Ob ADAC GT Masters, GT-Weltmeisterschaft oder Blancpain Endurance Series: Das System der Weltmotorsportbehörde FIA zur Einstufung von GT-Rennfahrzeugen im Sinne der Chancengleichheit, genannt Balance of Performance (kurz: BoP), gerät immer wieder in die Kritik. Zuletzt bedingte die Auslegung desselben den Rückzug dreier Rennställe aus der deutschen GT3-Meisterschaft, in der heuer auch der ehemalige Formel-1-Fahrer Karl Wendlinger an den Start ging. Der Österreicher offenbarte unlängst in einem Gespräch mit Motorsport-Magzin.com seinen Unmut über das viel diskutierte Konzept.

Hersteller lassen Offenheit missen

"Die Balance of Performance ist schlichtweg nicht zu gebrauchen. Sie garantiert alles andere als ein faires Kräfteverhältnis", so Wendlinger freimütig. Der Kufsteiner begann seine Sportwagenkarriere 1997 in der damaligen FIA-GT-Meisterschaft. Im Laufe der Jahre ist er zu einem festen Bestandteil der Szene geworden und hat zahlreiche Titel gewonnen sowie unzählige Erfahrungen gesammelt. Ferner führte er aus: "Das Problem ist folgendes: Kein Hersteller legt bei Einstufungstestfahrten die Karten auf den Tisch; keiner zeigt, was sein Auto wirklich zu leisten imstande ist."

Dies habe der heute 43-Jährige speziell in seiner Zeit bei dem Schweizer Team Swiss Racing miterlebt.

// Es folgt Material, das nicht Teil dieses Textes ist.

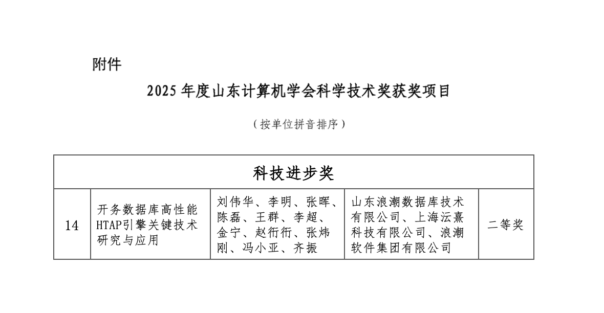 浪潮KaiwuDB荣获2025年度“山东计算机学会科技进步二等奖”

Von 2010 bis 2011 war er unmittelbar an der Entwicklung der eigens für die GT1-Weltmeisterschaft konzipierten Rennversion des Nissan GT-R beteiligt. "Damals ist Nissan zu den Tests gegangen und war so ehrlich, den Wagen an seine tatsächliche Leistungsgrenze zu bringen - aus Wettbewerbssicht ein großer Fehler." Das beste Resultat mit dem schweren Nippon-Brummer landete Swiss Racing 2010 im argentinischen San Luis in From eines siebenten Platzes. In der Folge sagten die Eidgenossen Nissan ab und wechselten zu Lamborghini.

Für die Ingenieure sei das Tricksen bei Einstufungstests im Grunde das Einfachste der Welt, erklärte Wendlinger. "Das Notebook wird angeschlossen, die Leistung des Fahrzeugs über diverse Einstellungen herabgesetzt, und schon schaut es aus, als könne man nicht schneller. Wer sich auf diese Spielchen nicht einlässt, verliert - traurigerweise." Jedoch erlebt der GT-Zirkus den vermeintlichen Schummeleien zum Trotze aktuell ein Hoch: Die Rennsportkategorie GT3 - einst ins Leben gerufen von Sportwagen-Zampano Stéphane Ratel - ist schon jetzt eine der erfolgreichsten der Geschichte.